Strategies based on penalized likelihood or smoothing might be applicable and pertinent in extensive parameterization applications, but perhaps the simplest alternative is to adopt a random variable interpretation instead (Felsenstein 2001; Yang 2006), within which one can define the parametric form of a model without requiring a count of the number of data columns. However, the discretization approaches to handling the integration of site-specific variables over a statistical law—as called for under the random variable approach—do not easily extend to multivariate cases, such as that studied by Tamuri et al. (2012) and reprised above, making it more challenging to adopt a random variable interpretation in a maximum-likelihood context. One could rely on MCMC sampling to estimate the gradient of the likelihood surface with respect to the parameter governing the statistical law on site variables and follow that gradient to a maximum (e.g., Rodrigue et al. 2007). On the other hand, the MCMC approach lends itself naturally to a Bayesian context, where the random variable interpretation is intrinsic. Briefly, in the Bayesian MCMC context, the sampling methodology for the random variable interpretation falls into a class of methods known as parameter expansion (Liu et al. 1998), which simply exploits the fact that any inferences relying on θ, and based on the posterior probability p(θ|D), can equivalently be based on the joint posterior of θ and the random variables x, written as p(θ, x|D); the marginal and joint distributions relate as $p (θ | D) = \int p (θ, x | D) d x \propto \int p (D | θ, x) Ω (x) d x$ , and θ follows the same distribution in both cases. With parameter expansion, x is considered an auxiliary variable, with MCMC updates applied to it to effectively integrate over Ω, and the posterior distribution of x is thus available as a by-product of the sampling system used for integration.
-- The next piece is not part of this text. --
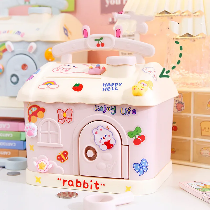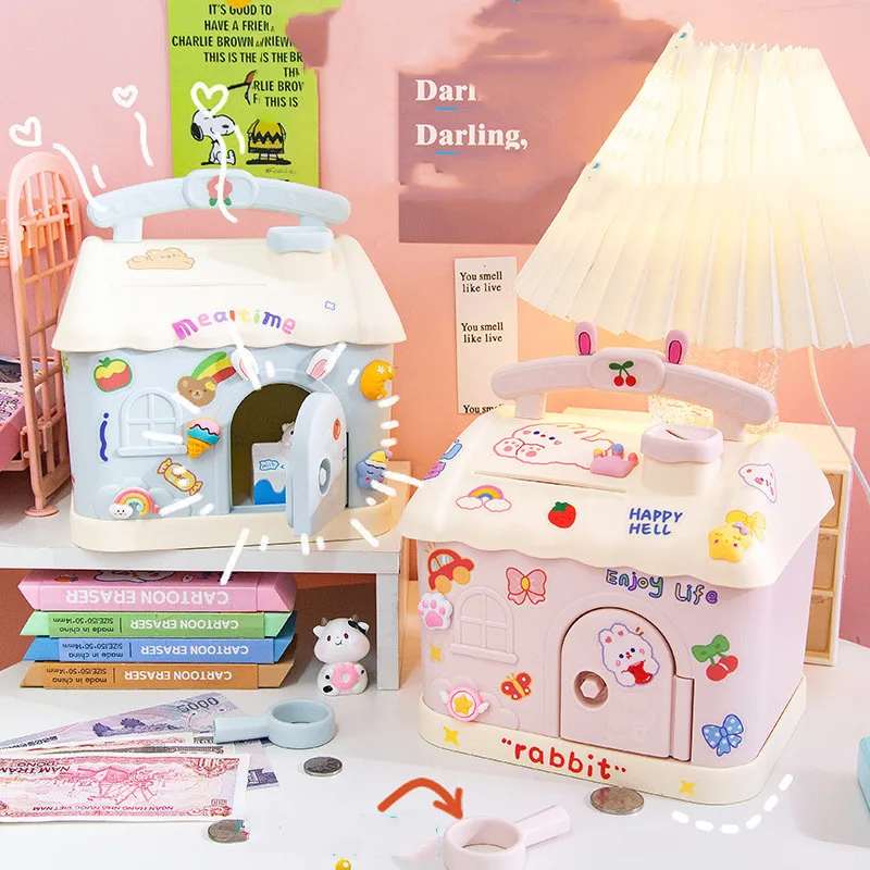 Unique Creative DIY Large House Piggy Bank PVC Unbreakable Money Saving Pot Coin Banks Coin Box With Key Gift Toy For Kids

A few simple Bayesian models are explored, keeping with the mutation-selection formulation. A first model has a flat Dirichlet prior as the statistical law governing site-specific amino acid variables (Lartillot and Philippe 2004; Rodrigue and Aris-Brosou 2011); this model is referred to as the rigid model. In a second model, the parameters governing the prior statistical law are treated as free parameters (often referred to as hyperparameters in such cases, and here consisting of a concentration parameter and a center profile, as in Lartillot 2006); this model is referred to as the flexible model. The distributions of scaled selection coefficients obtained using the posterior mean parameter and random variable values of the post-burn-in MCMC runs under these models are displayed in Figure 2.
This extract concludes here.